El gran crecimiento del e-commerce pone a la logística en el centro de la estrategia comercial

Andrés Zaied, presidente de la Cámara Argentina de Comercio Electrónico, analiza el peso creciente del canal digital y por qué la logística es el factor que define la experiencia de compra

Andrés Zaied es presidente de la Cámara Argentina de Comercio Electrónico (Foto: Movant Connection)

El comercio electrónico en Argentina consolidó su lugar: ya representa el 25% de la facturación de las empresas con operación mixta y el consumidor lo incorporó como parte habitual de sus compras. Pero detrás de esa madurez hay una cadena que tiene que funcionar. Como resume Andrés, “no hay comercio electrónico sin logística, porque en algún momento tengo que mover molécula de un lugar a otro y cumplir con esa promesa”.

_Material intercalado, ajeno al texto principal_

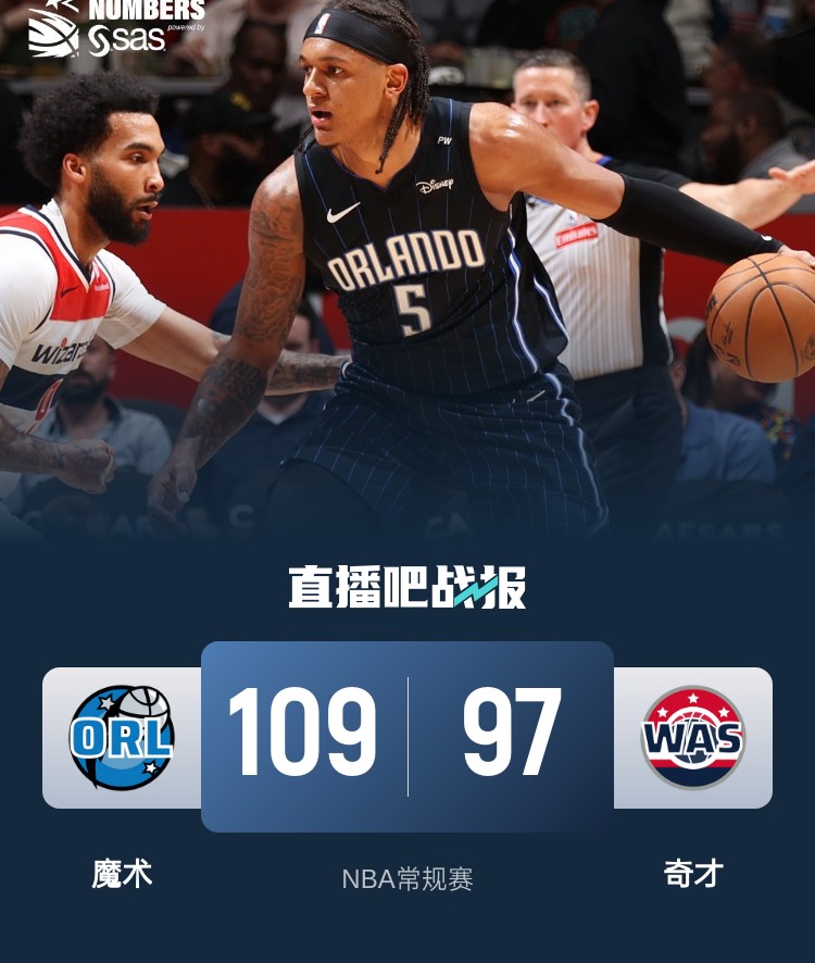 班凯罗33+18+8 小瓦格纳27分 卡林顿新高32+9+7 魔术击败奇才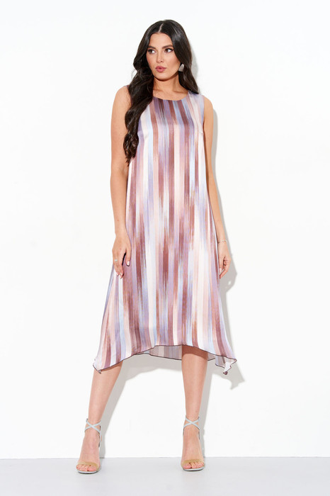 Платье прямого силуэта из плательного сатина на подкладке с антистатическим эффектом, вырез горловины округлой формы; низ платья ассиметричный. Рекомендована стирка при t не выше 30 С, Глажение при t прессующей поверхности не выше 110 С.

¿Cómo ves la actualidad del comercio electrónico en Argentina?

Hay que separarlo en dos escenarios. Por un lado, el canal viene creciendo año tras año: el último informe anual de la Cámara muestra crecimientos en facturación por encima de la inflación, en órdenes de compra y en cantidad de productos. Eso significa que es un canal totalmente consolidado. La gente ya tiene incorporado el e-commerce para hacer sus compras.

También hay un dato muy interesante que nos dan las empresas con tiendas físicas y canal digital: el comercio electrónico ya pesa 25% dentro de su facturación. El último dato había sido 18%, hace aproximadamente un año. Sigue creciendo y cada vez más gente compra con habitualidad.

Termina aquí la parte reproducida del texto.